“I’m sorry. I’m sorry for coming at you. I’m sorry for blaming you. I’m sorry for it all.”
She stared at me for several moments, likely trying to weigh up whether I was telling the truth, or if this was some strategy to ease her into a false sense of security.
“That’s a good start,” she finally said.
“Yeah?”
“Yes.” She sighed and then softened a little, telling me, “I know what it’s like to lose one parent, so I can’t even imagine how horrific it was to lose both for you.”
“Thank you,” I responded past the lump in my throat as she brought that up.
“But it can’t excuse everything. Not what you do now, not how you treat people, and not how you treat yourself.
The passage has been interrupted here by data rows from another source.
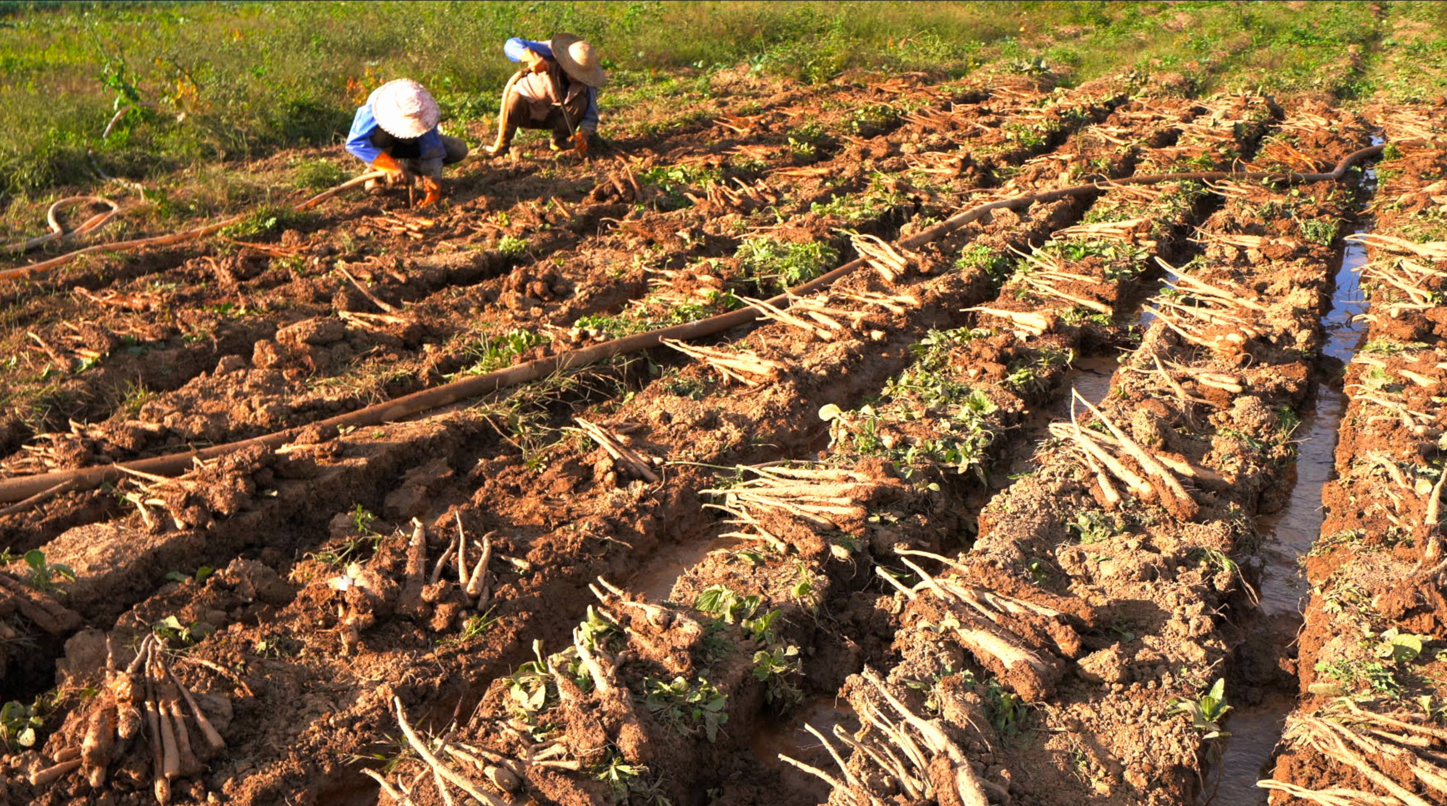 不远处的山药地里,几个农民正忙着“冲山药”——这是合作社发明的既省劳力又不损坏山药的土方法,用高压水枪将一条条墒沟的泥土冲散,再伸入土内冲击根部泥土,一根根裸露出来的山药完好地被“揪”出来。体态标准的山药个头大概在四五十公分,粗细均匀,最长的要超过1米。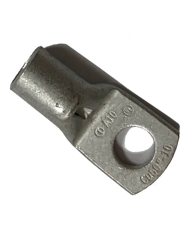 terminal de olhal de cabo de 50 mm – olhal de 10 mm está preparado para uso com fiação de seção de 50 mm e para um parafuso de 10 mm de diâmetro. É um terminal ocular durável preparado para suportar altas temperaturas, erosão e umidade. Sua grande vantagem é oferecer o melhor contato elétrico para realizar uma junta que resista a qualquer condição. Certifique-se de crimpá-lo corretamente, retire o revestimento do cabo o suficiente para poder inserir todo o cobre do cabo até a parte inferior e, em seguida, cubra-o com uma capa termorretrátil.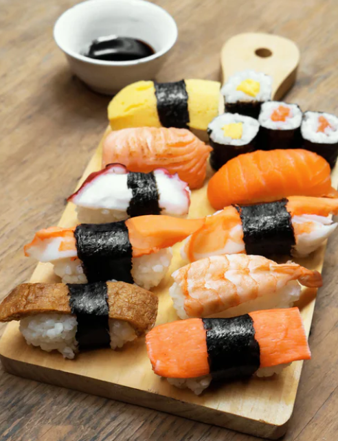 연어, 구운연어뱃살, 광어, 가자미지느러미, 참소라, 계란말이, 장어, 농어, 송어, 새우,생새우, 타코와사비, 제육볶음, 양념닭갈비, 화로산적, 참치마요, 소불고기, 호두멸치 등이 있으며, 가끔씩 김밥조각도 판매합니다. 최근에는 유부초밥이 추가되어 990원에 판매합니다.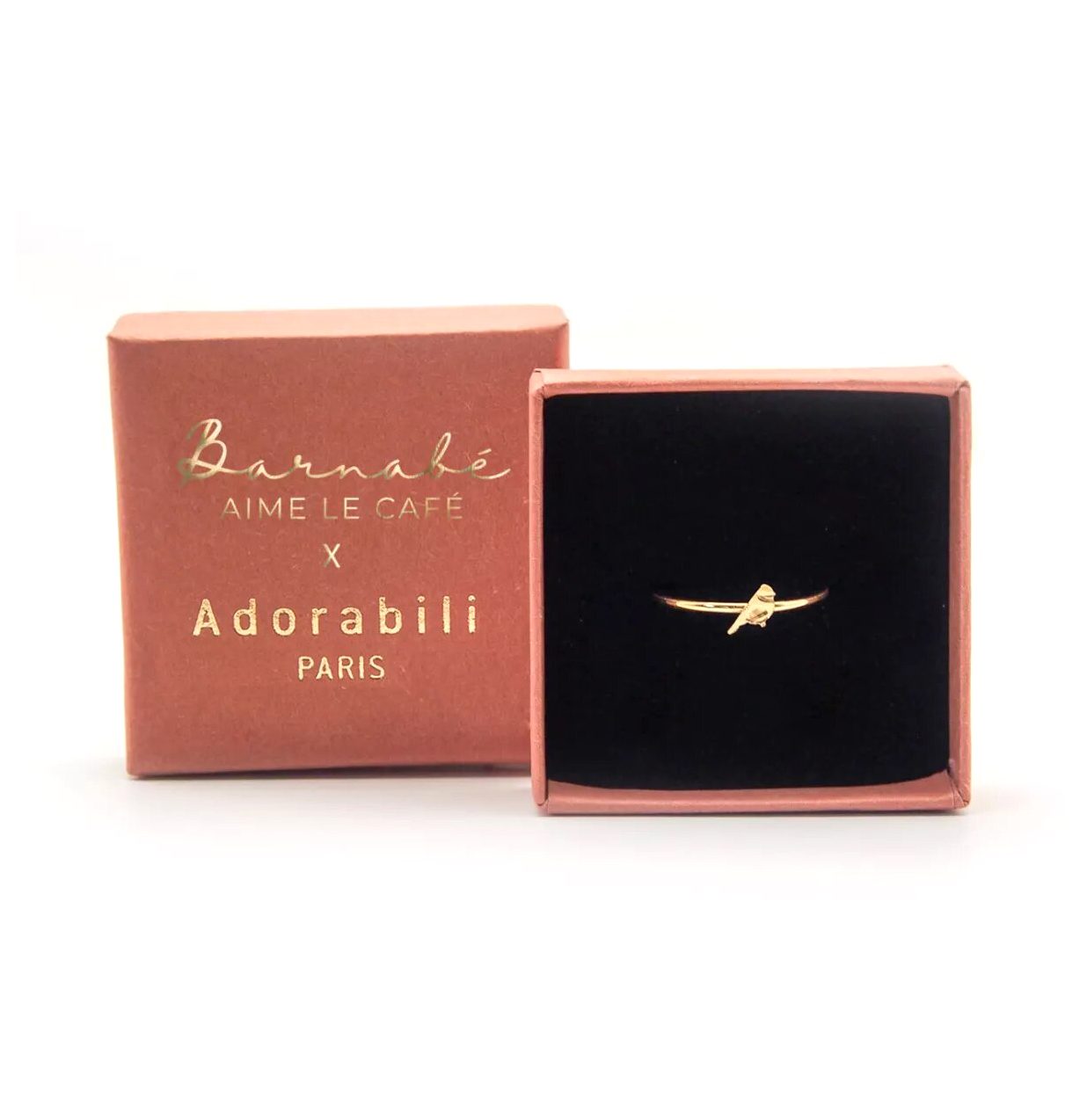 On craque pour cette jolie bague issu d’une collaboration entre la marque Barnabé aime le café et Adorabili Paris ! Deux univers très poétiques et délicats et l’amour des jolis bijoux sont autant de points communs entre Anne et Charlotte, les deux créatrices. On retrouve donc la jolie mésange, animal emblématique de Barnabé aime le café. Le petit plus? Cette bague oiseau est ajustable. Bijou doré à l’or fin 24 carats et fabriqué à Paris.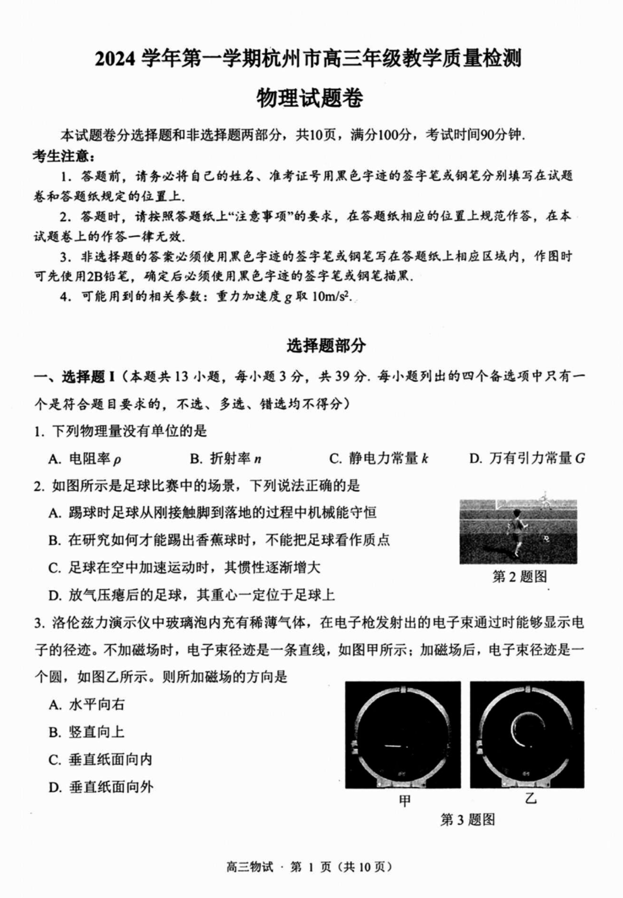 杭州一模2024学年杭州高三11月质检物理考试已于近日开考,为方便考生考后及时查看考试情况,查漏补缺、弥补不足,本文整理了试题答案解析相关信息!

There needs to come a point where you don’t continue to fall back on all that pain and grief, where you continue on in life as the one left behind, and actually start to embrace it.”
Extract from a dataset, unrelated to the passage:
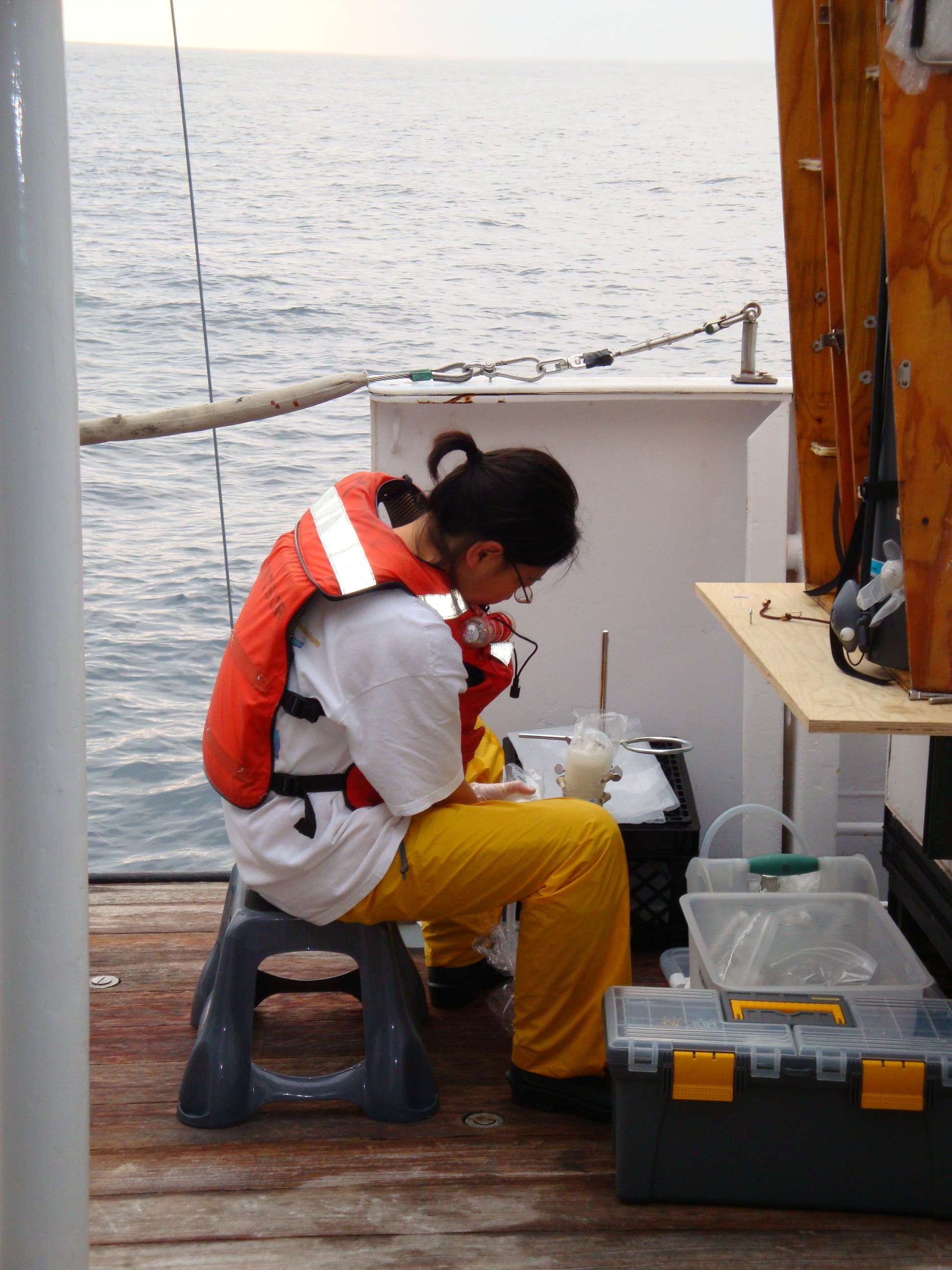 Ground water sampling in the Pettasquamscutt River, Rhode Island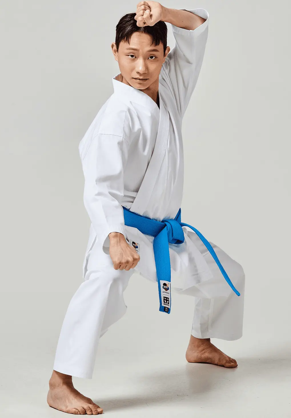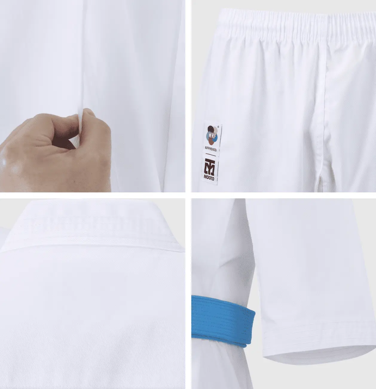 Karategui Mooto Básico Iniciación Original – El estándar de calidad coreana para todas las edades. Disponible en un rango completo desde 110 cm hasta 200 cm, este uniforme ofrece la ligereza y resistencia necesarias para comenzar con éxito en el Karate.

I stared at her in awe for several moments.
“If there’s anything that all this shit has taught me, the way I reacted and treated you since you enrolled here, it’s that Idoneed to move forward and let it go.”
“Let the pain go, but not their memories.”
“Yeah,” I said, smiling. “Exactly.”
She smiled back at me, but it was only for a moment, before she told me, “I’m gonna head out.”
As she went to brush past me, I stepped into her path.
“Wait.”
She raised an eyebrow and tensed.
I quickly held up my hand, trying to indicate that I meant her no harm.
I wasn’t surprised she’d jumped to that right off the bat, though. It was instinctive at this point, at least for now still. We’d only just formed a truce, it would take time to get used to that on both sides.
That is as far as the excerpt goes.